There is a detailed workflow to calculate the Climate Indicators (CI) provided in the Climate Information Portal.  Many quality controls are completed throughout the production workflow to ensure that the indicators are of high quality.

The chart in the figure below describes the different steps in the workflow and highlights (in orange) the quality control procedures. Each procedure is adapted to the dataset it is applied to (to account for different variables, ranges and more), and can be repeated throughout the workflow. Essential Climate Variables (ECV) from Global Climate Models (GCM) are downloaded from the Earth System Grid Federation (ESGF), the largest archive of climate data world-wide. ESGF has already some standards which the climate community follows in order for the output of the climate models to be available to the scientific community. 
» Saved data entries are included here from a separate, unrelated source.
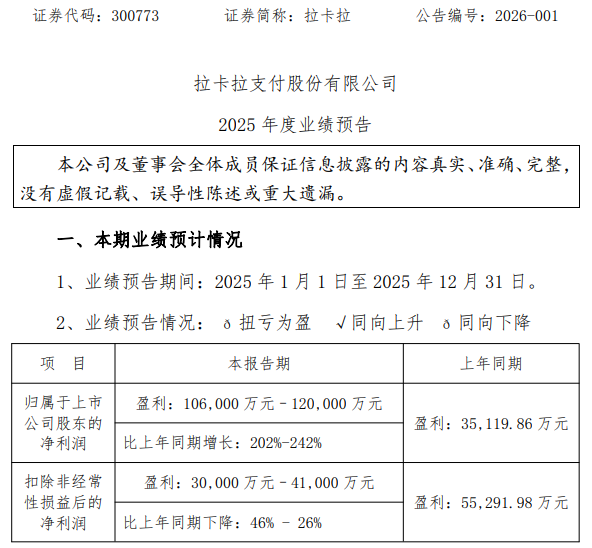 日前,拉卡拉支付股份有限公司发布2025年度业绩预告。
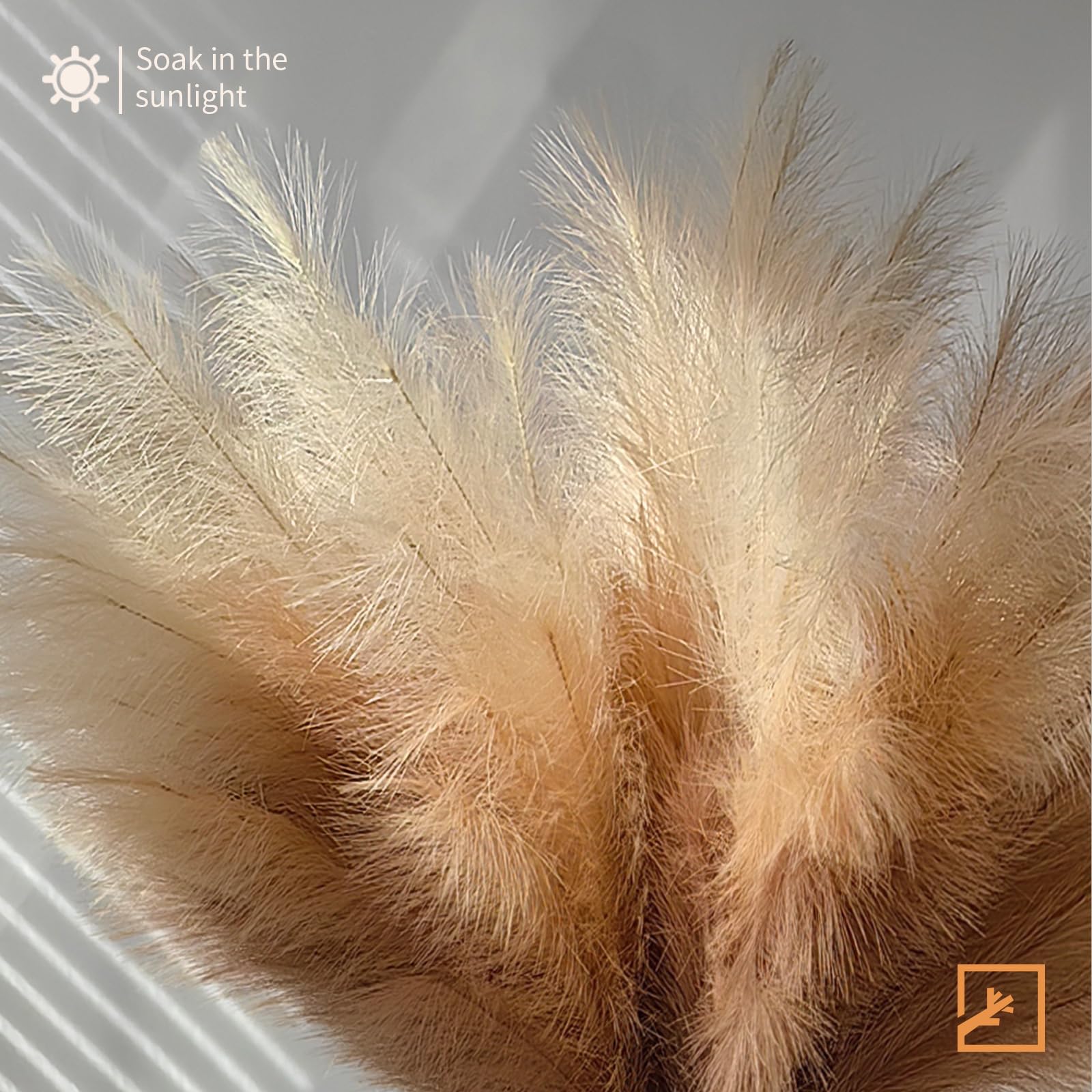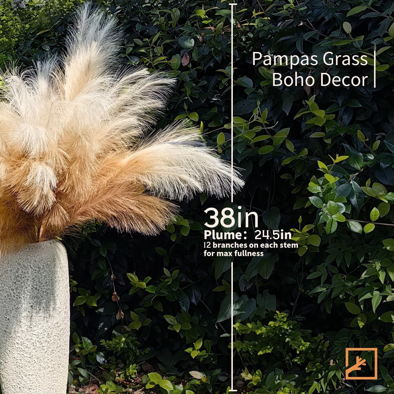 [Fluffy and Durable]: Each stem is full and elegant. The light and feathery plumes gives you the beauty of lush pampas. Simply fluff it up and put it in a vase to add some charm to your home decor. The pampas grass decor requires no maintenance or watering.
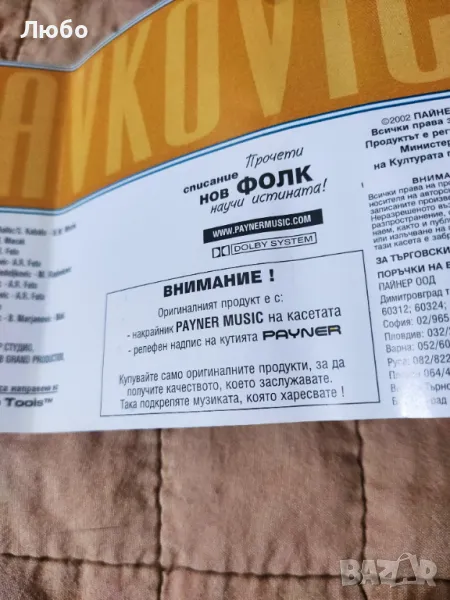 Оригинална касетка на PAYNER.Касетката е преслушана и работи безпроблемно.Носителя обложката и чистотата на звукът нямат забележки.
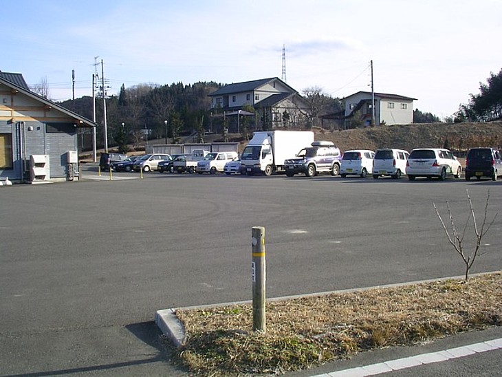 食事棟の裏側にも広い駐車場がある。こちらは従業員や出入り業者の車が主に利用するらしい。
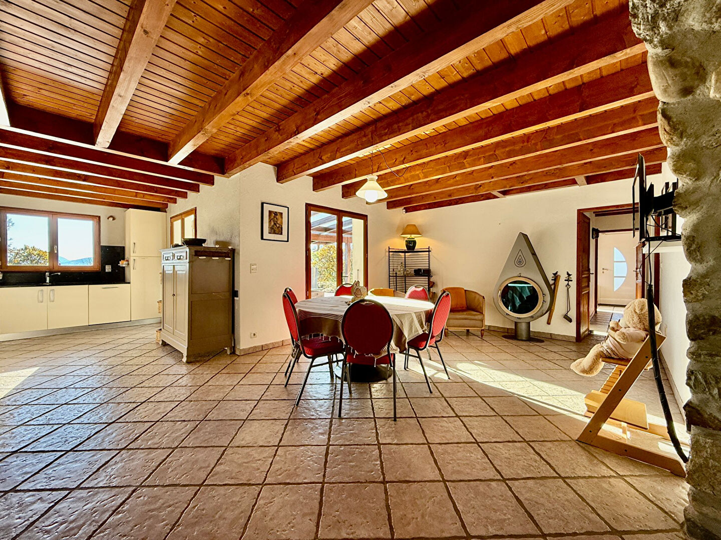 En vente chez IMMODEC ! Dans un environnement paisible et verdoyant, cette belle maison familiale vous ouvre ses portes et vous invite à profiter pleinement de la douceur de vivre qu'elle offre. Nichée sur un terrain d'environ 3 000m² soigneusement entretenu, vous serez immédiatement conquis par son agréable jardin arboré, sa belle terrasse propice aux repas d'été, et surtout sa piscine, parfaite pour se détendre dès les beaux jours. Le rez-de-jardin dessert une entrée avec buanderie, une cuisine ouverte sur un spacieux séjour, regroupant salle à manger et salon. Deux chambres avec placards, une salle d'eau, un WC indépendant et un dégagement complètent ce niveau. L'étage est composé d'une vaste mezzanine, idéale en coin détente ou salon TV, de deux chambres dont l'une avec mezzanine, d'une pièce polyvalente pouvant faire office de bureau ou de dressing, d'une salle de bain, d'un WC indépendant et d'un dégagement. En annexes, vous bénéficierez d'un sous-sol composé d'un garage, d'une cave, d'un espace de stockage et d'une chaufferie. Une vaste cour goudronnée, accessible par un portail électrique, offre quant à elle la possibilité de stationner plusieurs véhicules. Vidéo du bien disponible sur demande ! Cette maison vous est proposée par l'agence IMMODEC en co exclusivité. Pour tous renseignements complémentaires ou visites, n'hésitez pas à contacter votre agence LOCALE et INDÉPENDANTE. Nous serons ravis de vous accompagner dans votre projet d'acquisition, de vente ou d'investissement locatif.
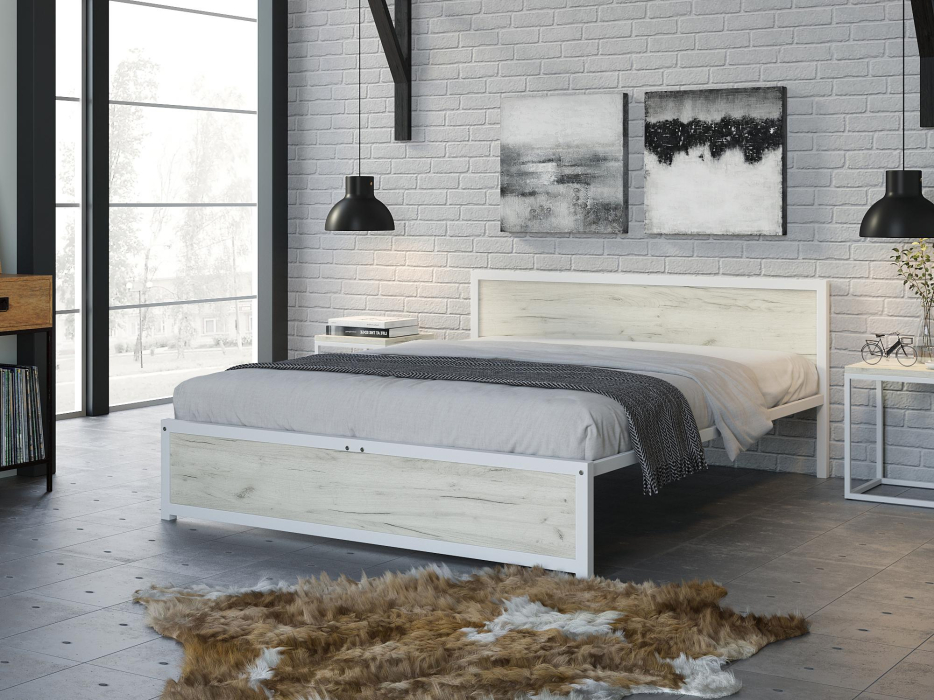 Отзывы о Столплит Кровать Титан Лофт 160 без ящиков (белый) Дуб крафт белый
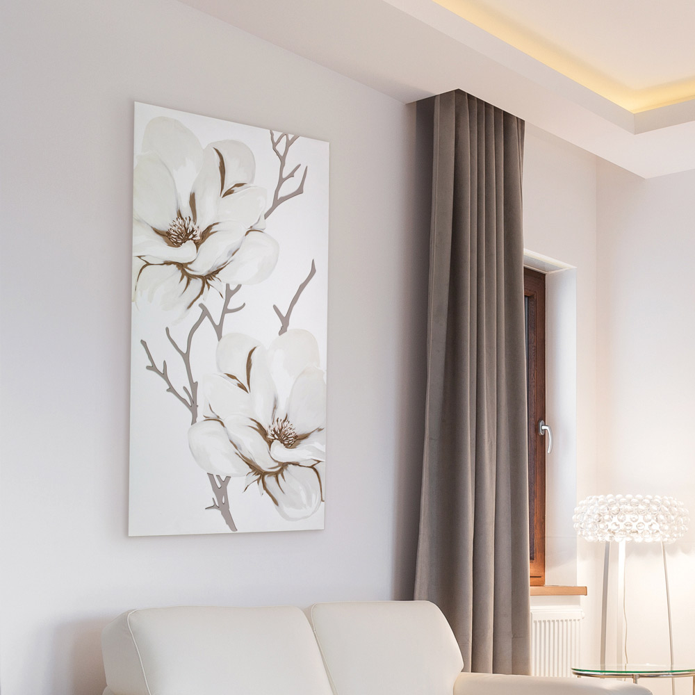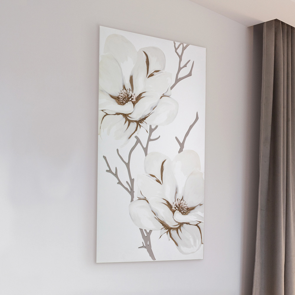 Panel s dekorací je vyroben technikou laserového značení , které vytváří na materiálu basreliéf a vytváří různé barevné přechody okvětních lístků vytvořených na panelu. Panel Magnolia je vyroben z matně bílého lakovaného dřeva s aplikacemi v oblázkové barvě . Elegantní kus nábytku se dvěma jemnými květy Magnolie, detailně gravírovanými laserem s oblázkovými dekoracemi.
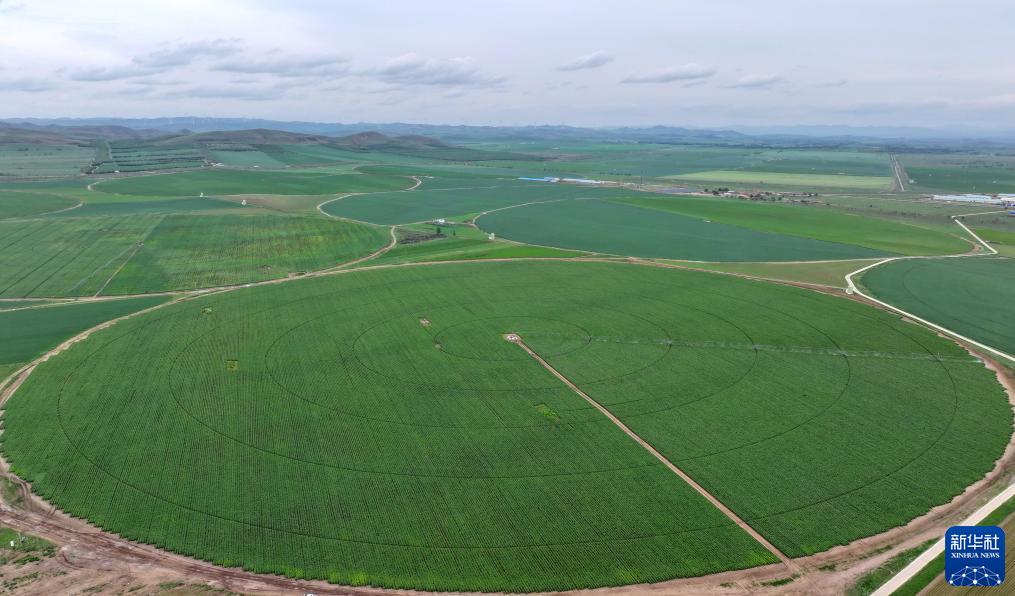 7月15日在張家口市塞北管理區拍攝的裝有指針式噴灌設備的農田(無(wú)人機照片)。
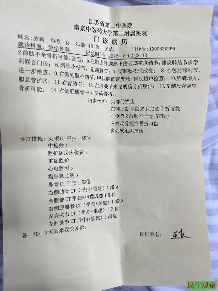 2022年10月5日,是苏莉被不明身份者暴打后的第三天,其自述:左侧上腭骨骨折,进食艰难;医院依然不给治疗,不给检查报告,并催促她出院;目前警方不给任何说法。

CMIP6 Quality control procedure
Different steps in the workflow when producing climate indicators.

Types of quality control procedures

The following types of quality control procedures are included in the orange boxes in the above figure:

File format checks/pre- and post-processing

The file format checking procedure is performed after pre-processing and postprocessing (steps 1,3,4 in figure above). It ensures that the files are in the right format. The following checks are made and corrected if necessary:
  • Data gaps/overlapping periods or missing values. The check ensures that the data is without gaps and does not have overlapping periods or missing values. Cases when a part of the time series was missing (e.g. a missing 5-year time-slice file) led to exclusion of the projection from the ensemble.
  • Units appropriate for each indicator; e.g. the climate model temperature unit is in general Kelvin (K), and values are then converted to Celsius (ºC).
  • Data dimensions: Check that all data comes on the same grid and has the same number of time steps.
  • Time calendar definition: Check that all data has been converted to the same calendar.
  • The metadata relevant to the CI production is checked to be complete, correct and follow the metadata standards. All files are edited to make metadata homogeneous.

Data pre-processing

Data pre-processing quality procedures are completed in step 1 (1 in the figure). This step is needed to make sure all datasets are in a format that can be handled within the production of the indicators. All files must be in the same format to be comparable. The following actions are the main steps in this quality control procedure:
  • Converting calendar to standard time reference
  • For bias-adjusted data: remapping data to HydroGFD3.2 grid with 0.25 degrees spatial resolution
  • For non-adjusted data: remapping data to a grid with 2.0 degrees spatial resolution

Range check on Essential Climate Variable (ECV) data

All ECV climate scenario data (time series of both raw and bias adjusted data) are tested against a variable-specific range in step 1,3 and 4 (see figure above). It ensures that the data do not have unrealistic values. Scenarios with data outside the range are flagged for further investigation. If a dataset has too many values outside the expected range, it can be excluded from the workflow based on expert judgement.

Evaluation of bias adjustment

Statistics for climatological periods such as mean, median, minimum, maximum values over the full ensemble are calculated for every grid point (step 2 in figure above). Experts inspect the bias adjustment performance, check for outliers in the data, and climate change signal modification. If a projection shows large deviations from non-adjusted data and/or the rest of the ensemble, it is inspected in more detail. In severe cases, this could lead to an exclusion of the projection from the ensemble.

Evaluation of climate indicators

Quality checks for climate impact indicators, both non-adjusted and bias-adjusted CI are done in steps 5 and 6 in figure.

  • Metadata and filenames are checked to follow the pre-defined CI-specifications.
  • Unreliable data is masked out, e.g. in regions where relative changes of precipitation become unreliably large due to very low values in the reference period.
  • CI data is evaluated against CIs derived from reference data and compared to all other projections. If any projection shows large deviations, the data is inspected in more detail by experts.